The rise of cybersecurity debt

Ransomware attacks on the JBS beef plant, and the Colonial Pipeline before it, have sparked a now familiar set of reactions. There are promises of retaliation against the groups responsible, the prospect of company executives being brought in front of Congress in the coming months, and even a proposed executive order on cybersecurity that could take months to fully implement.

But once again, amid this flurry of activity, we must ask or answer a fundamental question about the state of our cybersecurity defense: Why does this keep happening?

I have a theory on why. In software development, there is a concept called “technical debt.” It describes the costs companies pay when they choose to build software the easy (or fast) way instead of the right way, cobbling together temporary solutions to satisfy a short-term need. Over time, as teams struggle to maintain a patchwork of poorly architectured applications, tech debt accrues in the form of lost productivity or poor customer experience.

Complexity is the enemy of security. Some companies are forced to put together as many as 50 different security solutions from up to 10 different vendors to protect their sprawling technology estates.

Our nation’s cybersecurity defenses are laboring under the burden of a similar debt. Only the scale is far greater, the stakes are higher and the interest is compounding. The true cost of this “cybersecurity debt” is difficult to quantify.

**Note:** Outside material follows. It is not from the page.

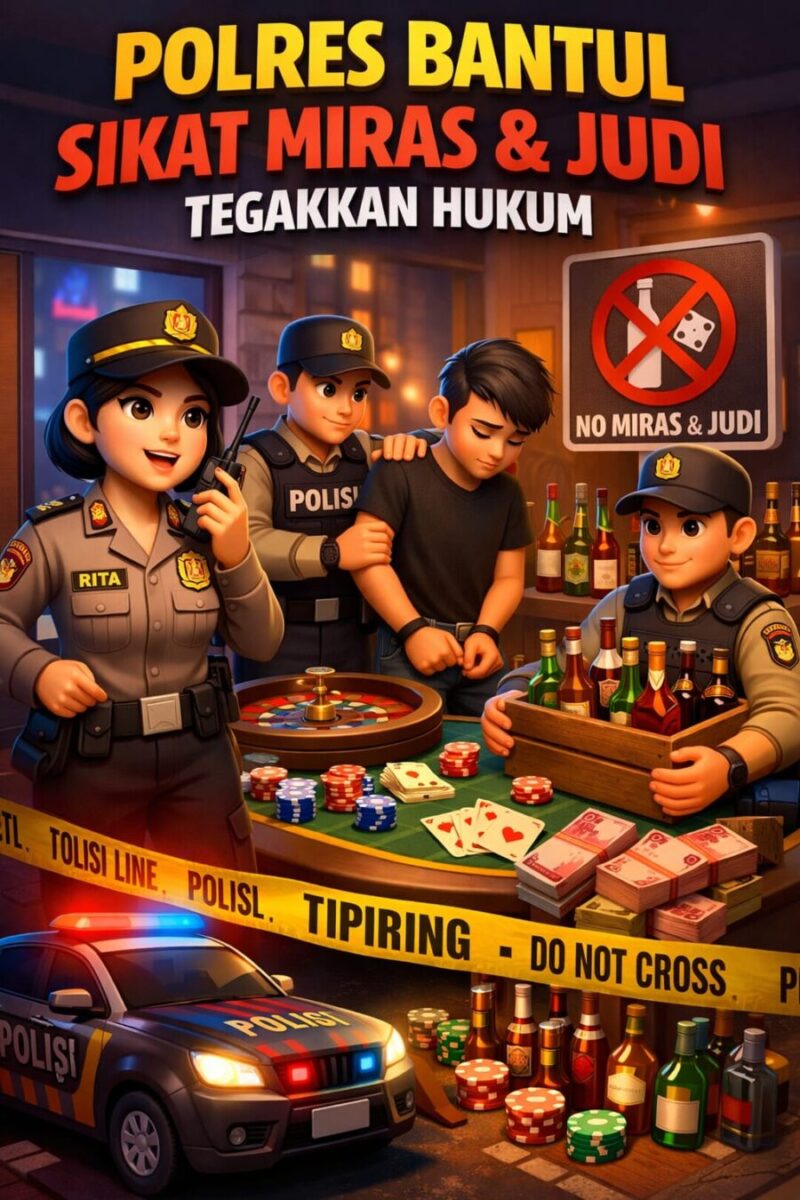 JENDELANUSANTARA.COM, Bantul – Anggota Polres Bantul menggencarkan Kegiatan Rutin Yang Ditingkatkan dengan menindak tegas penjual miras dan praktik perjudian, Jumat (20/2/2026) malam.

Though we still do not know the exact cause of either attack, we do know beef prices will be significantly impacted and gas prices jumped 8 cents on news of the Colonial Pipeline attack, costing consumers and businesses billions. The damage done to public trust is incalculable.

How did we get here? The public and private sectors are spending more than $4 trillion a year in the digital arms race that is our modern economy. The goal of these investments is speed and innovation. But in pursuit of these ambitions, organizations of all sizes have assembled complex, uncoordinated systems — running thousands of applications across multiple private and public clouds, drawing on data from hundreds of locations and devices.

Complexity is the enemy of security. Some companies are forced to put together as many as 50 different security solutions from up to 10 different vendors to protect their sprawling technology estates — acting as a systems integrator of sorts. Every node in these fantastically complicated networks is like a door or window that might be inadvertently left open. Each represents a potential point of failure and an exponential increase in cybersecurity debt.

We have an unprecedented opportunity and responsibility to update the architectural foundations of our digital infrastructure and pay off our cybersecurity debt. To accomplish this, two critical steps must be taken.

First, we must embrace open standards across all critical digital infrastructure, especially the infrastructure used by private contractors to service the government. Until recently, it was thought that the only way to standardize security protocols across a complex digital estate was to rebuild it from the ground up in the cloud. But this is akin to replacing the foundations of a home while still living in it. You simply cannot lift-and-shift massive, mission-critical workloads from private data centers to the cloud.

There is another way: Open, hybrid cloud architectures can connect and standardize security across any kind of infrastructure, from private data centers to public clouds, to the edges of the network. This unifies the security workflow and increases the visibility of threats across the entire network (including the third- and fourth-party networks where data flows) and orchestrates the response. It essentially eliminates weak links without having to move data or applications — a design point that should be embraced across the public and private sectors.

The second step is to close the remaining loopholes in the data security supply chain. President Biden’s executive order requires federal agencies to encrypt data that is being stored or transmitted. We have an opportunity to take that a step further and also address data that is in use. As more organizations outsource the storage and processing of their data to cloud providers, expecting real-time data analytics in return, this represents an area of vulnerability.

Many believe this vulnerability is simply the price we pay for outsourcing digital infrastructure to another company. But this is not true. Cloud providers can, and do, protect their customers’ data with the same ferocity as they protect their own. They do not need access to the data they store on their servers. Ever.

To ensure this requires confidential computing, which encrypts data at rest, in transit and in process. Confidential computing makes it technically impossible for anyone without the encryption key to access the data, not even your cloud provider. At IBM, for example, our customers run workloads in the IBM Cloud with full privacy and control. They are the only ones that hold the key. We could not access their data even if compelled by a court order or ransom request. It is simply not an option.

Paying down the principal on any kind of debt can be daunting, as anyone with a mortgage or student loan can attest. But this is not a low-interest loan. As the JBS and Colonial Pipeline attacks clearly demonstrate, the cost of not addressing our cybersecurity debt spans far beyond monetary damages. Our food and fuel supplies are at risk, and entire economies can be disrupted.

I believe that with the right measures — strong public and private collaboration — we have an opportunity to construct a future that brings forward the combined power of security and technological advancement built on trust.